Designed in 1922 by architect Rudolph M. Schindler, the house is often considered the birthplace of California modernism. Unlike traditional homes of its time, the Schindler House was conceived not as a dwelling in the conventional sense, but as an experiment in communal living and spatial openness. It was built from concrete slabs and redwood planks, using a tilt-up construction method that was radical for its time. The house rejects the idea of “rooms” and instead embraces fluid boundaries, both between interior and exterior and between self and environment. Nature flows into the architecture through open courtyards and sliding panels; privacy is replaced by presence.
Legends
We had the honor of installing works from our 2023 Atelier series, Outside Within, at the Schindler House in West Hollywood—an icon of experimental modernism. Set within this radical architectural landmark, our textile pieces entered into quiet dialogue with the structure’s elemental materials and open relationship to nature.
This architectural ethos made the Schindler House a profoundly fitting context for Outside Within, a series of textile works deeply rooted in the Land Art movement and Sylvie Johnson’s lifelong engagement with the natural world. Each rug in the series is not merely a decorative object but a meditation on materials, gesture, and environment.
Take Embrace (2023), for example—a tufted mohair rug with a motif resembling a nest of tangled branches. Installed in Schindler’s communal space, it echoed the raw tactility of redwood walls and the porousness of indoor/outdoor thresholds. Veer (2023), with its meandering yarn insertions, reflected the asymmetrical flow of the house’s spatial logic, while Arbor (2023), with its irregular, right-angled motifs, mimicked the spirit of makeshift shelter and architectural improvisation that defines the house itself.

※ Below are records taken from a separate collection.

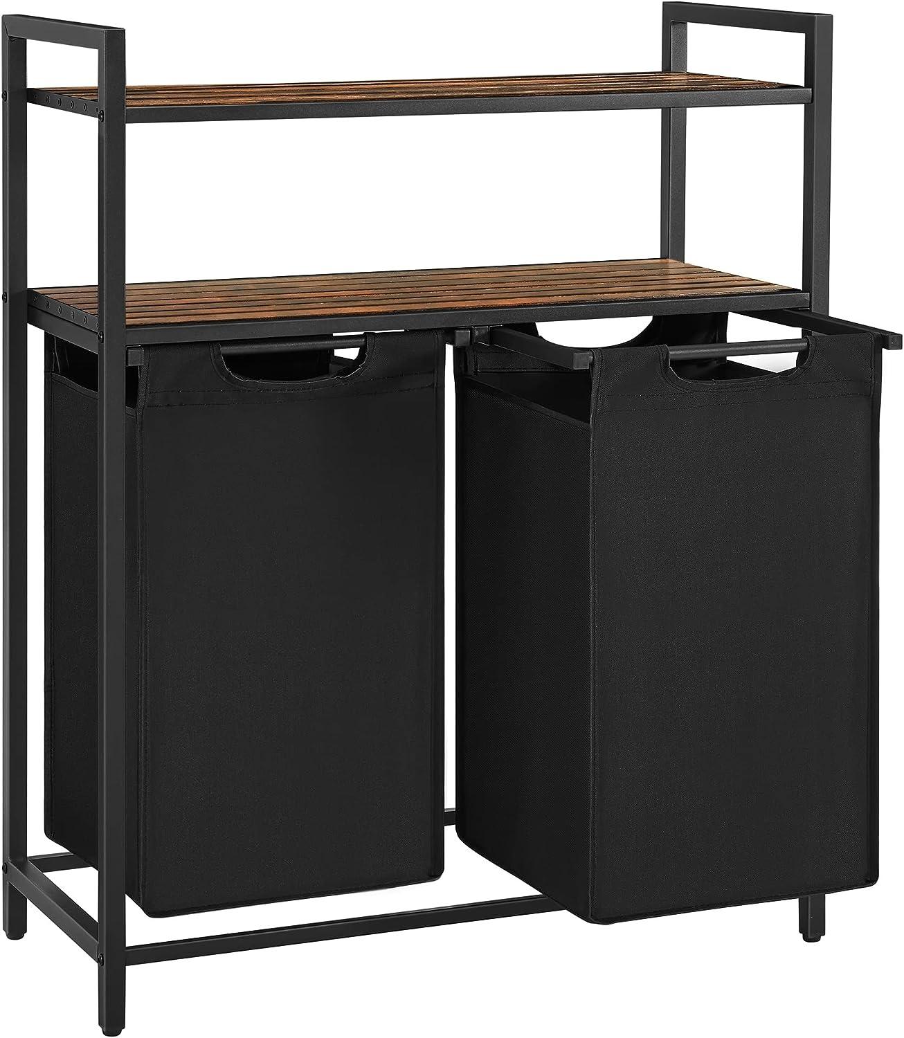- **2 Körbe, 2 Ablagen** – so viel Stauraum! Wäsche nach Farben sortiert in die beiden Körbe (46 Liter/Korb), Badaccessoires, Handtücher oder Waschmittel auf die beiden Ablagen – dieser Wäschesammler bietet genug Platz, um Ihre Sachen ordentlich aufzubewahren - **Wäschesäcke ausziehbar und abnehmbar:** Die Taschen aus Oxford-Gewebe lassen sich herausziehen und dank der praktischen Klettverschlüsse einfach abnehmen, sodass Sie Ihre Wäsche problemlos zur Waschmaschine tragen können - **Gute Stabilität:** Robustes Stahlgestell, hochwertige MDF-Platten, verstellbare Füße, Kippschutz – all dies verleiht diesem Wäschekorb Stabilität (obere Ablage bis 27 kg, untere Ablage bis 18 kg, 8 kg Belastbarkeit pro Korb) - **Einfache Montage:** Der Wäschesortierer lässt sich dank einer bebilderten, leicht verständlichen Anleitung und der gekennzeichneten Teile unkompliziert aufbauen - **Ein vielseitiger Alltagshelfer:** Der Wäschekorbsammler mit 2 Fächern und 2 Ablagen passt gut in die Waschküche, ins Badezimmer oder Schlafzimmer und hilft Ihnen, Wäsche im Verborgenen zu halten und benötigte Utensilien griffbereit aufzubewahren **Produktdetails:** - Farbe: Vintagebraun-Schwarz - Material: MDF (Mitteldichte Faserplatte), Stahl, Oxford-Gewebe - Größe insgesamt: 73 x 33 x 91 cm (L x B x H) - Größe pro Tasche: 30 x 30 x 51 cm (L x B x H) - Gewicht: 9,3 kg - Max. statische Belastbarkeit obere Ablage: 27 kg - Max. statische Belastbarkeit untere Ablage: 18 kg - Max. statische Belastbarkeit pro Tasche: 8 kg **Lieferumfang:** - 1 x Wäschekorb - 2 x Kippschutz - 1 x Zubehörpaket - 1 x Anleitung **VASAGLE Hinweise:** - Kindern ist es aus Sicherheitsgründen untersagt, auf das Produkt zu klettern oder damit zu spielen. - Bitte befestigen Sie dieses Produkt mit dem beiliegenden Kippschutz an der Wand, um eine sichere Nutzung zu gewährleisten. - Setzen Sie sich bitte nicht auf den Wäschesammler, um ein Umkippen des Produktes zu vermeiden. - Seien Sie bitte vorsichtig, wenn Sie die Wäschekörbe herausziehen und hineinschieben, um ein Einklemmen der Finger zu vermeiden. - Die Stofftaschen sind nicht für eine Maschinenwäsche geeignet.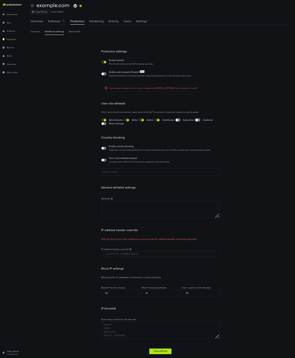 Section titled “Protection settings”Enable firewall - this toggle enables or disables Patchstack’s firewall. When turned off, your site won’t be protected by virtual patches or firewall rules. However, other security measures (such as IP bans and .htaccess rules) will remain active. We recommend disabling the firewall only for testing purposes.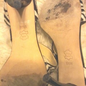 Animal Print fur with 4in heels. Strap across toes and a cross strap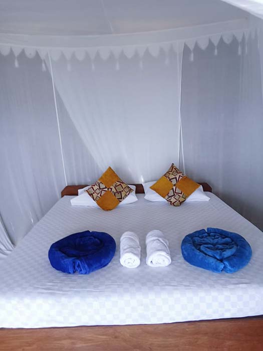 Bedrooms sleep two people on raised beds, and pillows, bolsters, sheets and mosquito nets are supplied. Extra mattresses can be provided if required. Both bungalows have power outlets for charging devices and bedroom light switches.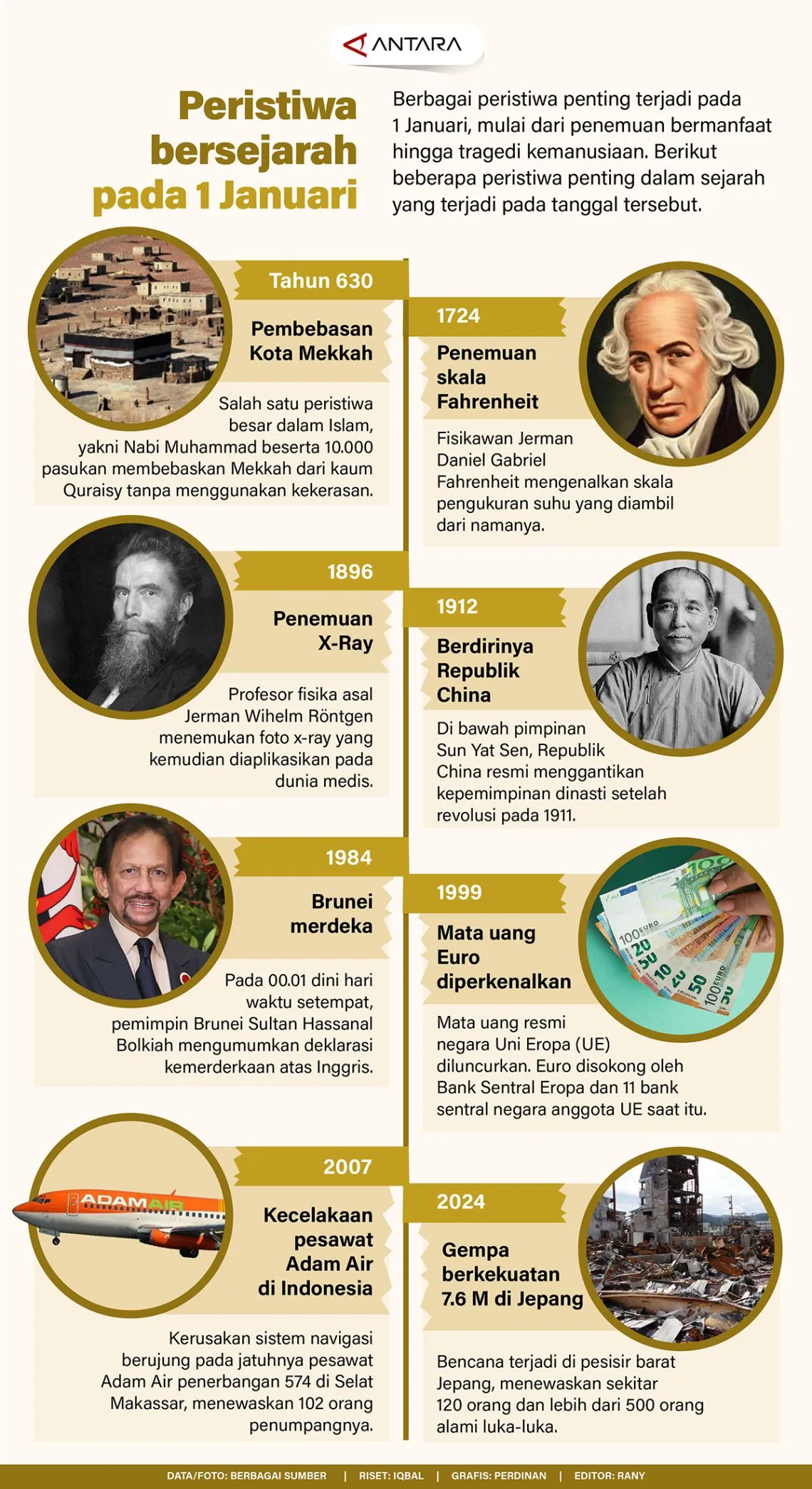 Pemayung.id – Berbagai peristiwa penting terjadi pada 1 Januari, mulai dari penemuan bermanfaat hingga tragedi kemanusiaan. Berikut beberapa peristiwa penting dalam sejarah yang terjadi pada tanggal tersebut. (Ant)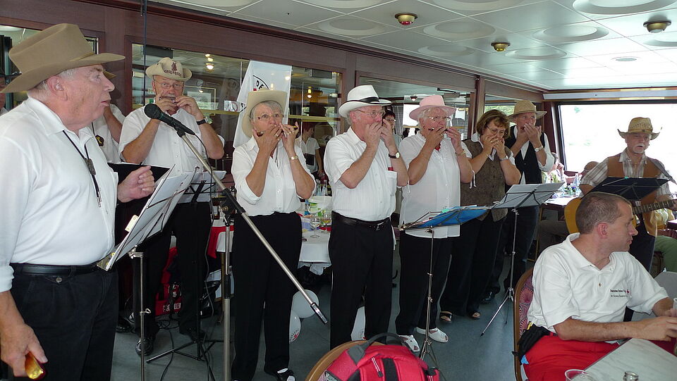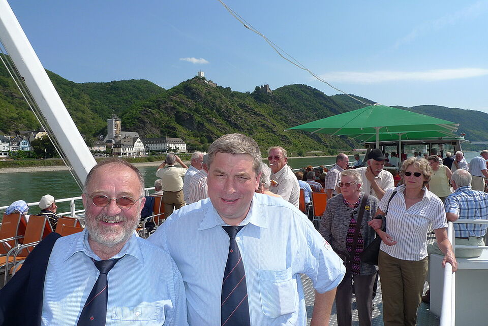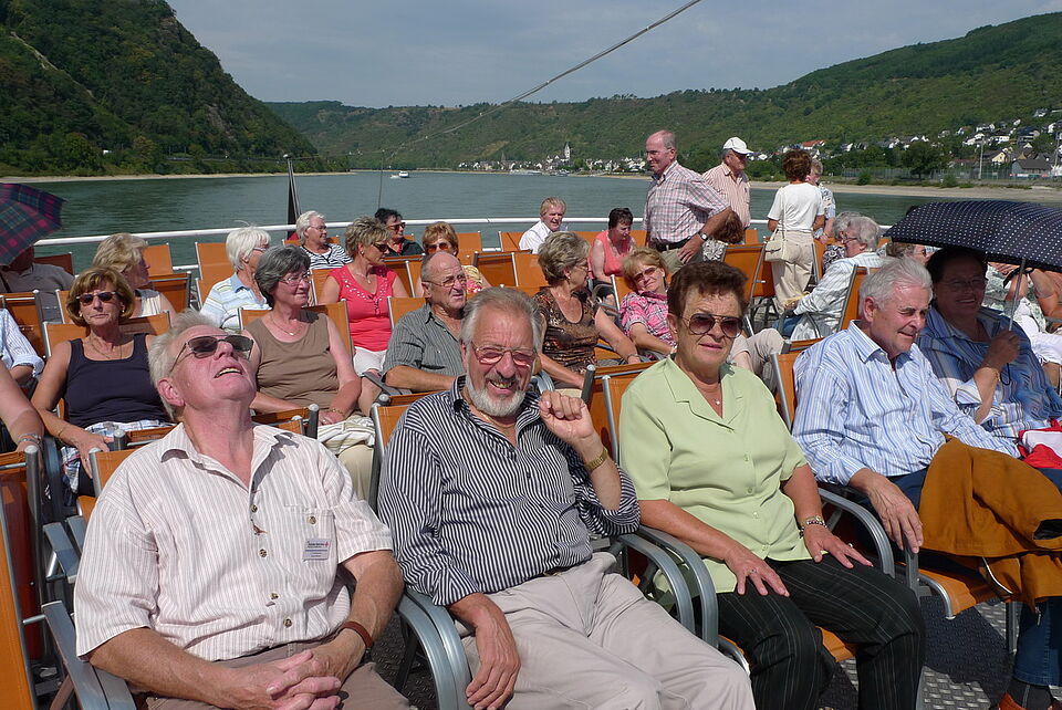 Von Koblenz ging es dann mit dem Schiff den Rhein hinauf bis zur Loreley. Bei munteren Klängen und strahlendem Sonnenschein waren alle Gäste bei bester Laune.
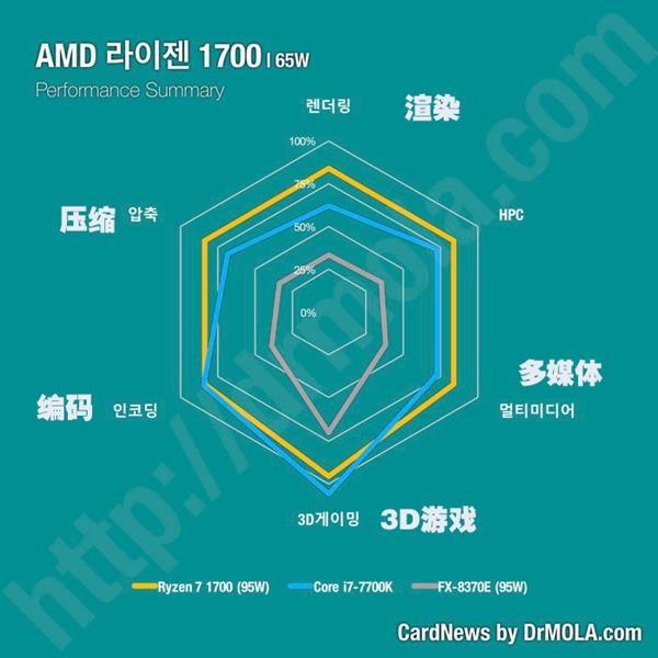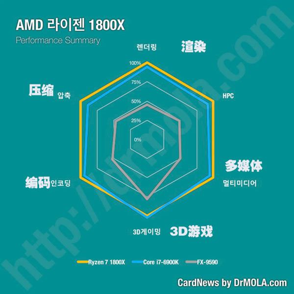 图表中使用的是韩文,不过Reddit网站上已经有热心群众给大家做了注释,最上方开始沿逆时针方向分别是渲染、压缩、编码、3D游戏、多媒体、HPC(计算性能)性能对比。了解测试内容之后,我们可以看到Ryzen 7 1800X全方位碾压前代旗舰FX-9590,号称世界首个5GHz处理器的它在后辈面前实在是没什么面子了,各方面的性能都大幅落后了。

Tephra (2023), a dobby-woven piece with spliced yarns and wabi sabi sensibilities, became a subtle conversation with the unfinished textures of concrete and earth surrounding the structure. Firth (2023), whose geometry suggests the intersection of natural and industrial forces, found quiet harmony among the Schindler House’s contrasting elements: lightness and weight, nature and form, permanence and impermanence.
Together, these pieces did more than occupy space—they responded to it. Just as Schindler designed the house as an extension of the California landscape, Outside Within extended textile practice into the realm of architecture, proposing fiber as both ground and gesture, surface and structure.
To install these works in the Schindler House was to recognize a shared language—between architecture and textile, between built form and natural order, between the personal and the planetary. It was a gesture of return: to nature, to experimentation, to the quiet radicalism of material honesty.